Tip: To avoid the DATA-INTO operation failing because the data cannot be successfully assigned to RPG fields with types such as Date or Numeric, the receiver variable can be defined with subfields that are all of type character or UCS-2. Then the data can be converted to other data types by the RPG program using the conversion built-in functions %DATE, %INT, and so on.

See Examples of DATA-INTO parsers for information about where you can find examples of parsers for the DATA-INTO operation.

To obtain a trace from the parser, set the QIBM_RPG_DATA_INTO_TRACE_PARSER environment variable with a value of "*STDOUT".

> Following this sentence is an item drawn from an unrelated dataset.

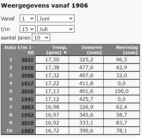Voor Eelde was toen een Tg van 14,6 °C de norm (1941-1970) van 01 juni t/m 15 juli). Het werd 17,4 °C. Dat is 2,8 °C boven het gemiddelde. Nu is voor Eelde de norm 15,9 °C, dus zul je voor een goede vergelijking uit moeten komen op 18,7 °C gemiddeld voor het tijdvak van 01 juni t/m 15 juli.

   ADDENVVAR QIBM_RPG_DATA_INTO_TRACE_PARSER VALUE('*STDOUT')
Note: If the trace output does not show up immediately, or if it flashes too quickly to see, you can view the standard output by calling the following ILE RPG program. Compile the program with CRTBNDRPG.

**FREE
CTL-OPT ACTGRP(*NEW);
DCL-PR printf EXTPROC(*DCLCASE);
  p POINTER VALUE OPTIONS(*STRING : *NOPASS);
END-PR;
DCL-PR getchar INT(10) EXTPROC(*DCLCASE) END-PR;
DCL-C EOL x'15';

printf (EOL);
getchar ();
return;
The following C program will accomplish the same thing. Compile the program with CRTBNDC.

#include <stdio.h>
main()
{
   printf("\n");
   getchar();
}